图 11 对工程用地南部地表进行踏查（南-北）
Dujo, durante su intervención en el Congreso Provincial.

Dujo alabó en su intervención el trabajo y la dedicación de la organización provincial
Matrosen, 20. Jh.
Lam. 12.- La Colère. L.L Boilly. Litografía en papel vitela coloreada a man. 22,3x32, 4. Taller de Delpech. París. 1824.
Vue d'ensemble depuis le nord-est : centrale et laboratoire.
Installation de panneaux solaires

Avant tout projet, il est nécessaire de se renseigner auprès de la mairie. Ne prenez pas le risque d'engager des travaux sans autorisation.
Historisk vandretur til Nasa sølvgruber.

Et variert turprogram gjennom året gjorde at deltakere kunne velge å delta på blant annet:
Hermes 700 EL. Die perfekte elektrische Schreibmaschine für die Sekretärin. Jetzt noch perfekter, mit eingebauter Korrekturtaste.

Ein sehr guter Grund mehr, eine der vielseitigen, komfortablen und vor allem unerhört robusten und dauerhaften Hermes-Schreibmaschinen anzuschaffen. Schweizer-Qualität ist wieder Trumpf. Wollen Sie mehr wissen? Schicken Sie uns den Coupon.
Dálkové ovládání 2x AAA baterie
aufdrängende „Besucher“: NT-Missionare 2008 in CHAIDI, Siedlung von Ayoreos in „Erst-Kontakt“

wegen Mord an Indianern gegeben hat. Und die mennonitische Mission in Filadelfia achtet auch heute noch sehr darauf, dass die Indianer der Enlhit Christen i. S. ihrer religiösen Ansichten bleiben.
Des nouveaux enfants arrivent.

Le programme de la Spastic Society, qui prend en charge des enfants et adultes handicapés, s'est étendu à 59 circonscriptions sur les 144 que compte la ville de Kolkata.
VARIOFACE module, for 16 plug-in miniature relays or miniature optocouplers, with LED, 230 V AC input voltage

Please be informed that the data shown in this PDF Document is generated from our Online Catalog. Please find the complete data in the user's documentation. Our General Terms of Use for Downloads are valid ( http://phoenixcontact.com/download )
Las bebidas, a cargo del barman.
--------------------------------------------------
What you are asked to do
Nothing beyond the lines from the start of the entries through the line with "Matrosen, 20. Jh." should appear. Repeat those lines exactly, both ends included.

Task output
图 11 对工程用地南部地表进行踏查（南-北）
Dujo, durante su intervención en el Congreso Provincial.

Dujo alabó en su intervención el trabajo y la dedicación de la organización provincial
Matrosen, 20. Jh.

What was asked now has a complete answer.